Patient-based clinical features including age and PSA level, and PET-specific features were added to the model, including SUVmax, SUVmean, radioactive tracer uptake time and tracer radioactivity. Feature reduction was performed to prevent overfitting and reduce model training cost by applying the following strategies: (i) reject all highly correlated features, (ii) retain the top 10% of the features based on the ANOVA test and (iii) retain the top 50 features based on the mean decrease in random forest Gini impurity.

Tumour detection and grading

Machine learning classifiers were trained to predict tumour location using a radial basis function kernel with the Python scikit-learn library (v0.24.2) [23]. Two classifiers were used to compare performance, a Random Forest Classifier (RFC) and a Support Vector Classifier (SVC). A fivefold cross-validation scheme was used to optimise the parameters of each classifier via a halving successive grid search procedure. Data imbalance, caused by the number of benign voxels vastly surpassing the number of tumour voxels, was addressed through data augmentation by flipping images 180 degrees about the axial, sagittal and coronal axes. This increased the number of tumour voxels fourfold.

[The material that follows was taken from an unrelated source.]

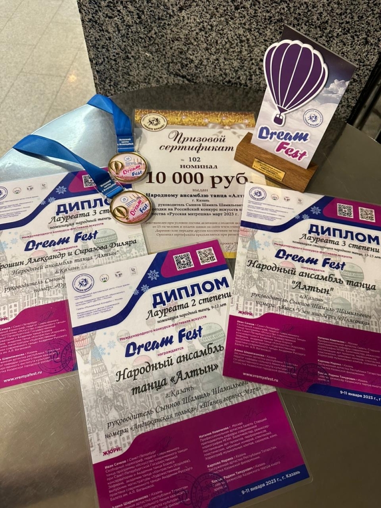 С 9-10 января 2023 года в КСК УНИКС проходил Международный конкурс-фестиваль искусств «DREAM FEST”, в котором приняли участие учащиеся объединения «Алтын». В конкурсе участвовали коллективы практически со всей России и не только. В сложившейся упорной борьбе за призовые места объединение «Алтын» заслуженно выиграли 3 из них! Стали Лауреатами 2 степени в номинации «Народный танец» (возрастная категория 9-12 лет), Лауреатами 3 степени в номинации «Народный танец» (возрастная категория 13-15 лет), Лауреатами 3 степени в номинации «Дуэт»! Искренне радуемся и поздравляем с успехами на международном уровне! /upload/storage/org986/files/2023 DREAM FEST 1.jpg /upload/storage/org986/files/2023 DREAM FEST 2.jpg /upload/storage/org986/files/2023 DREAM FEST 3.jpg /upload/storage/org986/files/2023 DREAM FEST 4.jpg /upload/storage/org986/files/2023 DREAM FEST 5.jpg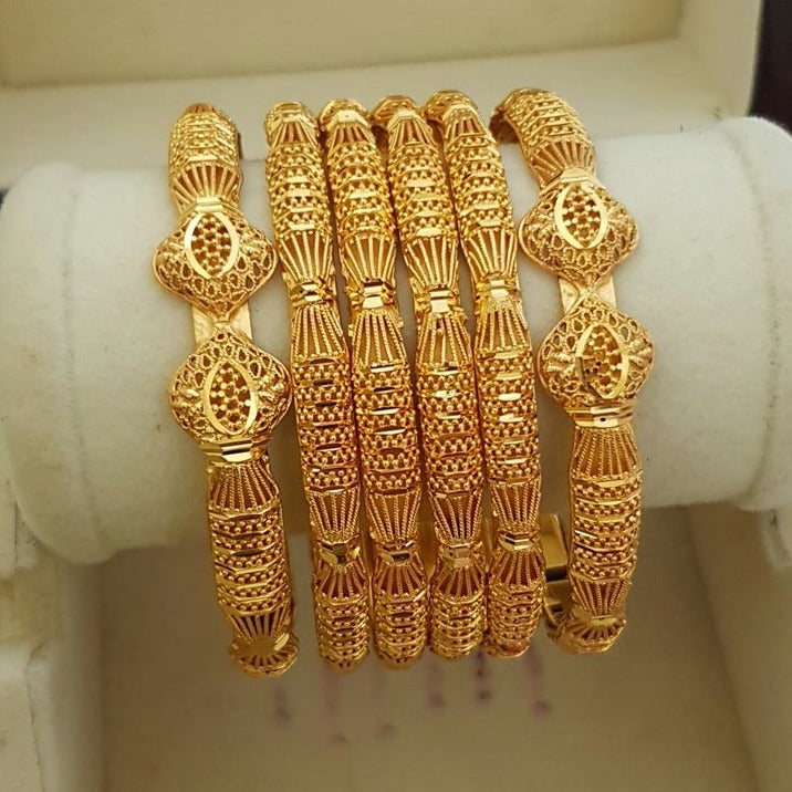 Description: Enhance your ensemble with our Glossy Gold Tone Affluent Legacy Bangles, designed to embody elegance and refinement. Each bangle in this set features a glossy gold tone finish that exudes opulence and sophistication. Perfect for any occasion, these bangles carry a sense of affluent legacy, adding a touch of timeless charm to your look.

Classifiers were trained to predict tumour location using (1) PET images alone, (2) mpMRI data alone (T2w, ADC, TTP, Ktrans and iAUGC60) and (3) mpMRI and PET images combined. For the best performing tumour detection model, a second model was trained to predict the grade of each predicted tumour voxel, by classifying it as either high grade (defined as GG ≥ 3) or low grade (defined as GG ≤ 2). The performance of the tumour grade prediction model was assessed using balanced accuracy and weighted F1 score. Balanced accuracy was computed via the arithmetic mean of the sensitivity and specificity, measuring the combined performance of the tumour detection and tumour grading models. The weighted F1 score was calculated by taking the average F1 score from the high-grade and low-grade grading performance, which were each weighted by the proportion of voxels with the corresponding grade in the patient.